There is a subtle distinction between the above years: in brackets [] is generally (but not always) the year that the judgement was made, which may or may not be the year that the case was reported, which appears in parentheses ().

This case was both decided in, and reported in this law report, in 2002.



Where the citation includes brackets - [] - the abbreviation that follows is the unique court identifier of the court where the judgement occurred. This case was decided in the High Court of Australia. For a list of courts and abbreviations, see AustLII's table of Australian case law. This is called a medium-neutral citation.

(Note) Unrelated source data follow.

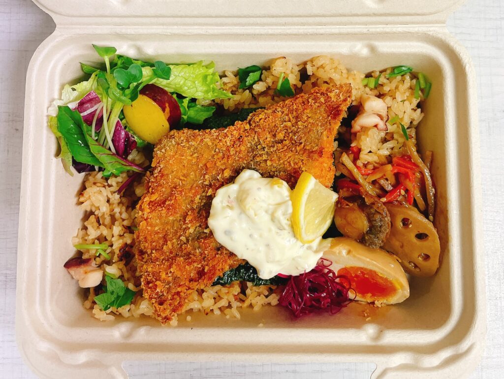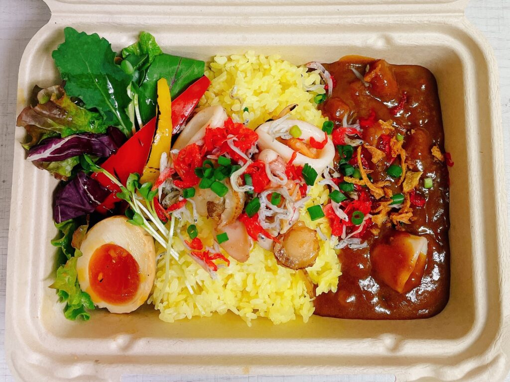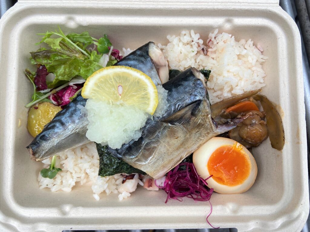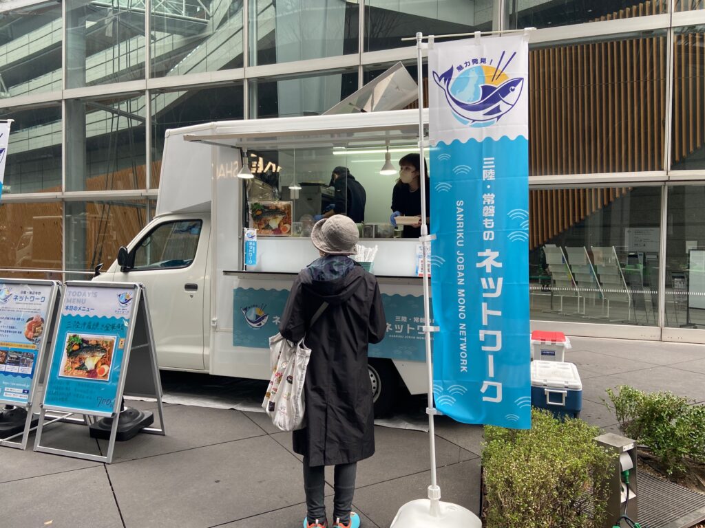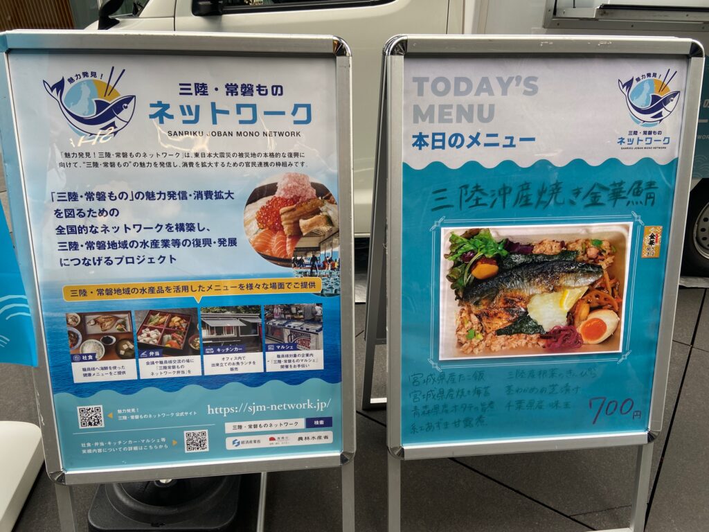 東京国際フォーラム前にて、三陸沖の金華サバやクロソイ、ホタテ等を使用した、「三陸沖の金華焼き鯖弁当」「三陸沖のシーフードカレー」「三陸沖の白身魚のフライ弁当」の3種類を日替わりで提供します。オフィスがお近くの企業・団体の皆様のご利用をお待ちしております。
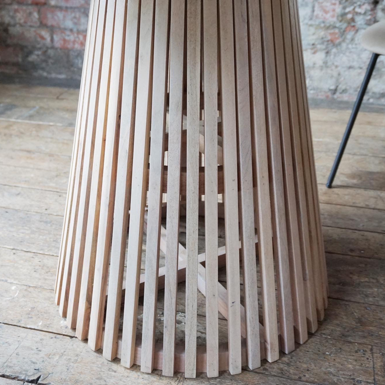 Add a touch of understated elegance to your home with our Scandinavian-inspired dining table, expertly crafted from sustainable mango wood and finished in a soft whitewash. The pedestal-style base features beautifully crafted vertical slats, providing a sculptural design with exceptional stability.
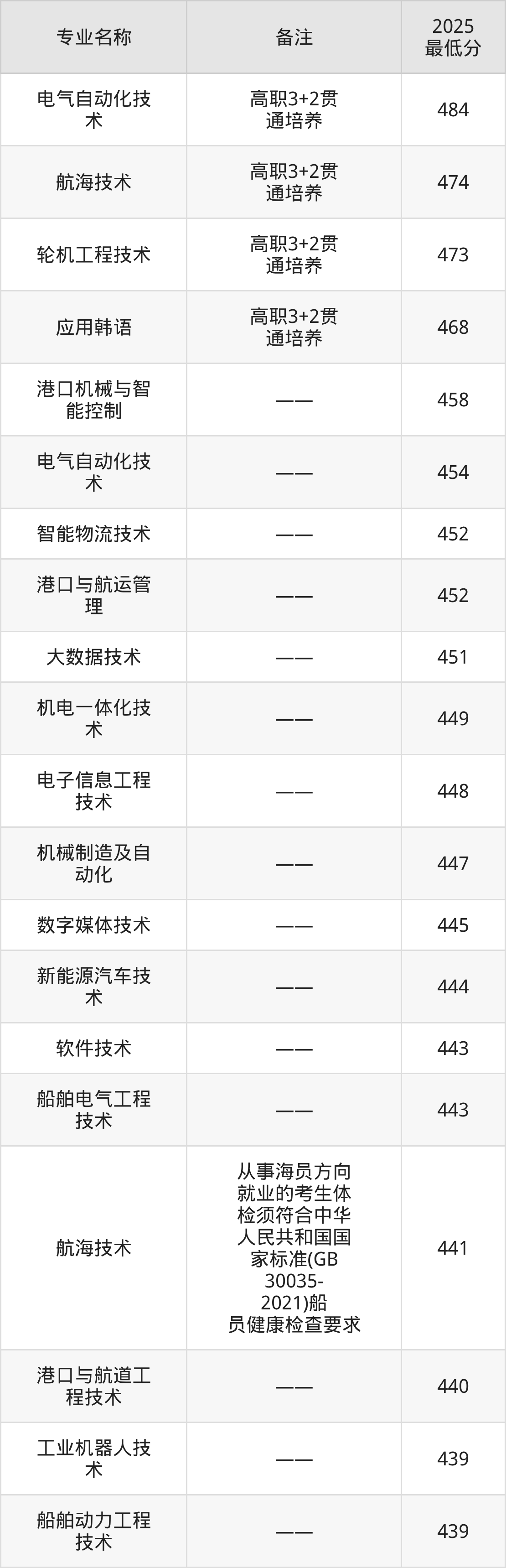 2、航海技术(高职3+2贯通培养):专业最低474分

Some reports are organised by year - unfortunately, there is no pattern to this - and they will have the year in brackets also. If more than one volume of a report of this kind is produced in this year, the volume number will appear between the year and the abbreviation as below.

Report number and series

211 CLR

Where the year appears in parentheses - () - and a number, then an abbreviation follows, these are the volume and abbreviation of the law report. In this case, it is the 221st volume of the Commonwealth Law Reports.

Pinpoint reference

  • Tame v New South Wales [2002] HCA 35
  • Tame v New South Wales (2002) 211 CLR 317

The final number is the pinpoint reference. In a medium-neutral citation, this is the judgement number - the nth judgement that year.

In all other cases, it is the page on which the judgement commences in the law report.

Authorised and authoritative law reports

All law reports are authoritative and can be employed in court, however the authorised law reports of a court are the official law reports - there is only one for each court. Judgements that highlight a novelty or a particular point of law are generally reported in the authorised law report.

How to use a citation

The practical upshot of this is that AustLII provides LawCite, which is a free case citator - you can search for cases.

All you need is either:

  • The year, court abbreviation, and judgement number, or
  • The volume, report abbreviation, and page number

In the above examples, these would be

  • 2002 HCA 35, and
  • 211 CLR 317

... respectively. This is referred to in the citator as the citation (which is confusing because the entire thing is a citation).

LawCite provides, for your convenience, a table of:

  • Cases that cite the case your case,
  • Law reform reports referring to your case,
  • Law journals referring to your case
  • Legislation cited in the case your case, and
  • Cases and articles cited in your case.

These are extremely useful in finding related cases during your research.